The church is Knowlton, near Wimborne St Giles. The site is recorded in the Domesday Book, and the henge pre-dates the church. I visited the site twice, last year and the year before.
I was going to do a piece about “connecting”, and I was going to waffle on about how I didn’t really understand what connecting meant when it was anything but family. But then I realised that I connect with a lot of things; Now I am not talking about family. That’s a given.
History is one of the topics that even from my early school days I had an interest in, no that’s not to say that I was any good at the topic. History was one of the topics I did at college. I didn’t realise that it was possible to destroy an interest in a subject, but the tutor at college had a real good go at it. It wasn’t the subject, it was his manner of presentation. It’s not worth my saying anymore about that, sufficient to say that he failed.
Now, I find myself living in a town that is absolutely stuffed with history (let’s be honest there are probably very few towns in the country which aren’t). It’s easy to engage with the subject here. One minor problem, and it’s not really a major one (well, it is, kind of) Gosport’s history doesn’t really begin before the 16th century, acknowledging that the likes of Rowner and Alverstoke predate the town by several hundred years. I seem to be more interested in older things like stones, rings and henges. Now, I’m going to mention ley lines. I am fully aware that talking about ley lines and the history of henges and the like is probably on a par with comparing Astronomy and Astrology (I feel that is an unfair comparison, unfair that is to ley lines) and I know how stupid that is. But I am interested in the idea. Ley lines are really like a game rather than anything with a real deep meaning.

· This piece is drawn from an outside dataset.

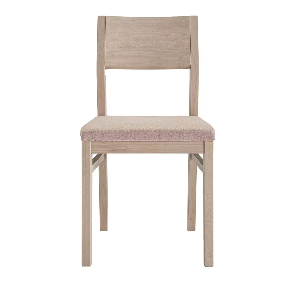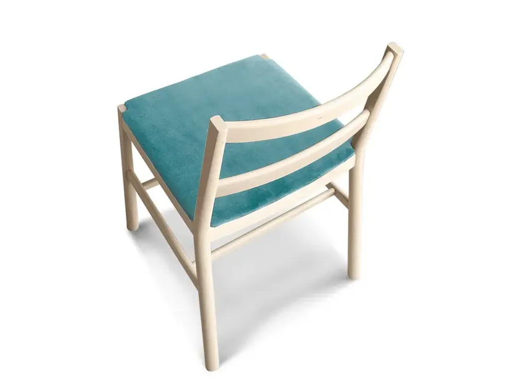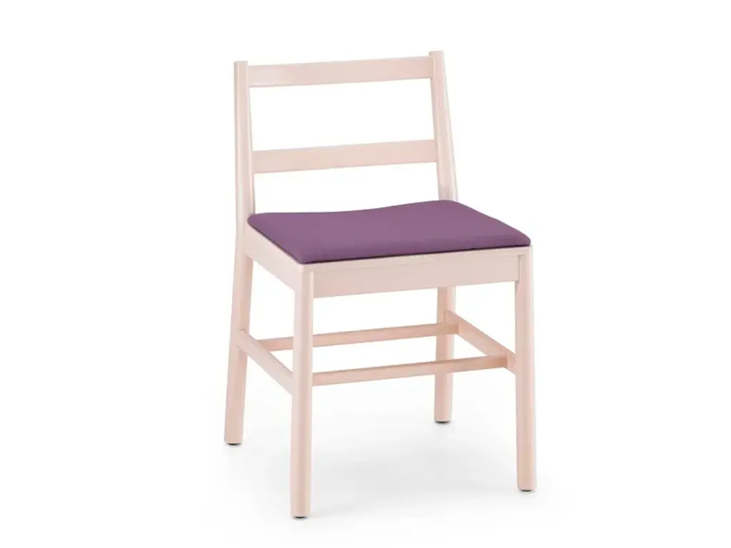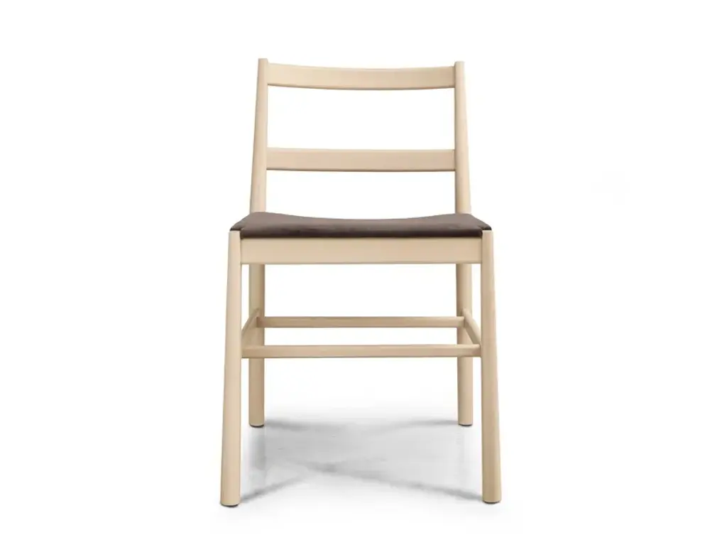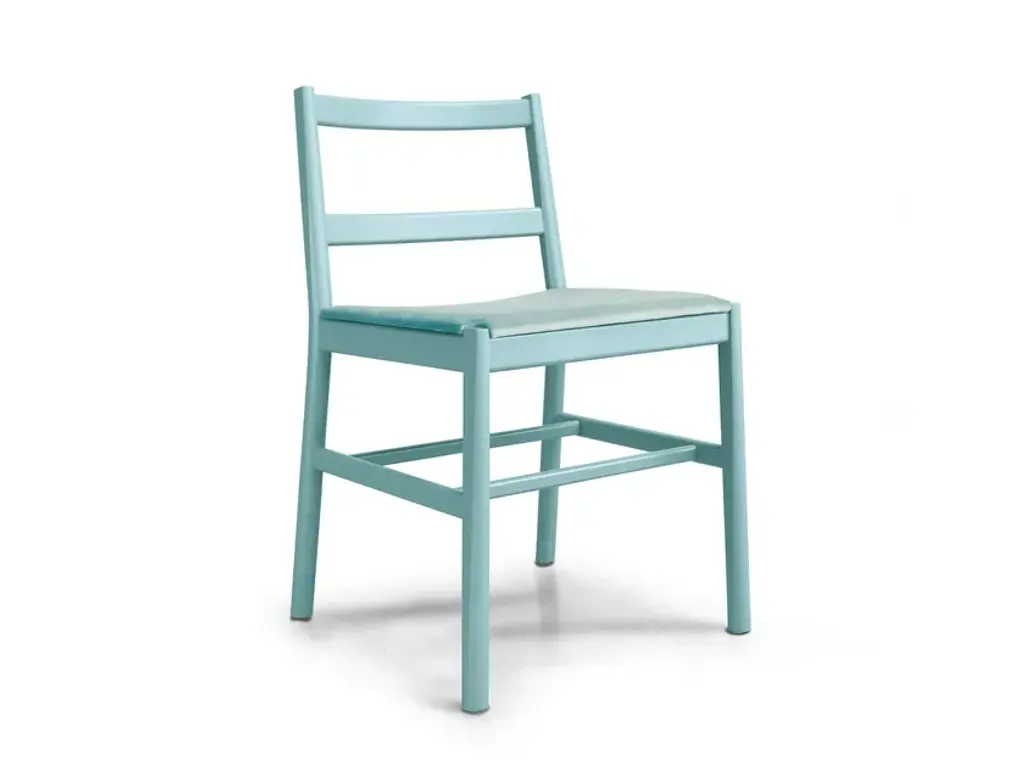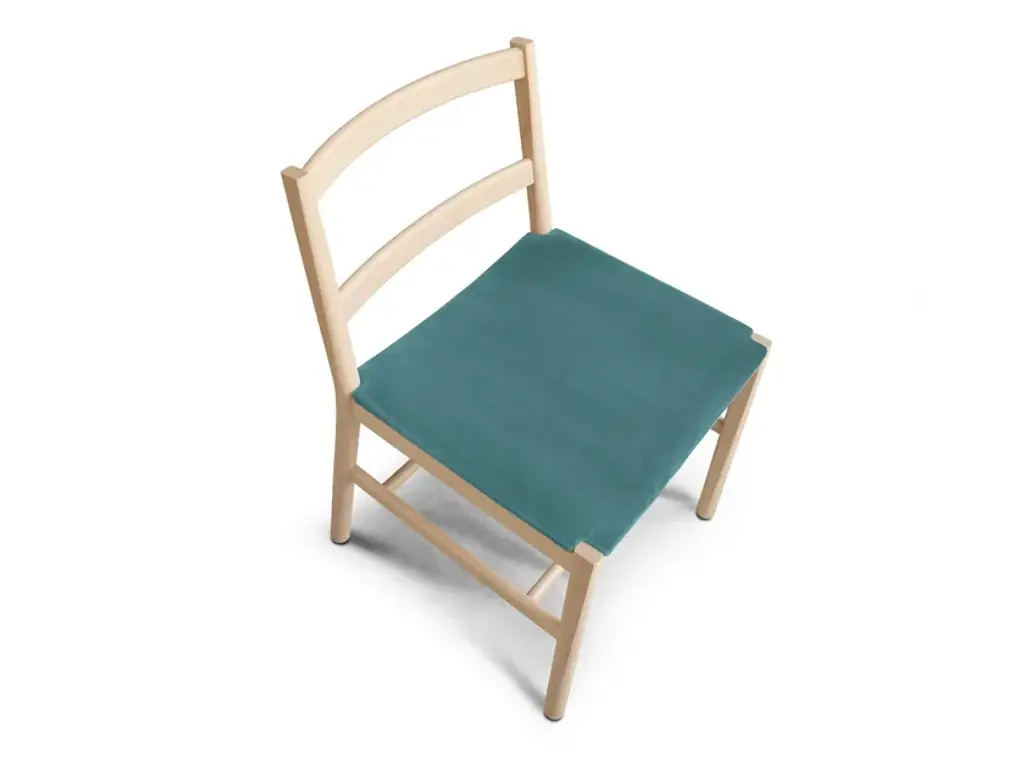 Beechwood chair with or without colored rope back and wood seat (also upholstered with leather or fabric) from the JULIE collection, designed by Emilio Nanni.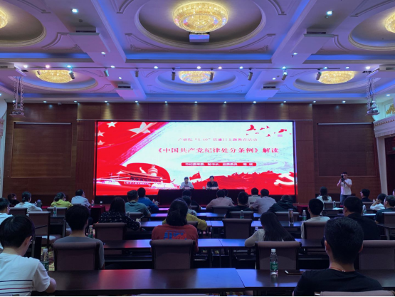 为全面贯彻习近平新时代中国特色社会主义思想和党的十九大精神,对全面从严治党、加强纪律建设作出再部署,充分发挥党纪法规标本兼治利器作用,切实加强以党员干部为重点的全社会廉洁教育,5月27日下午,市纪委常委、秘书长、监委委员周斌以“守纪律 讲规矩”为主题,深入解读《中国共产党纪律处分条例》,上了一堂生动的专题讲座。南通产业技术研究院及下属公司全体人员、陆洪社区党员代表、园区入驻企业党员干部等参加了活动。

There is though, no denying the existence of stone circles and henges. Now regardless of the real reason as to why the people of those times expended so much effort in constructing these sites, we can respect them and appreciate the effort they made without understanding, fully, the why. I haven’t yet found any indications that there are prehistoric or Neolithic sites in the Gosport area. Perhaps there are. But nothing saw far as I can tell as spectacular as a henge. Now, that is a reason to be interested in history.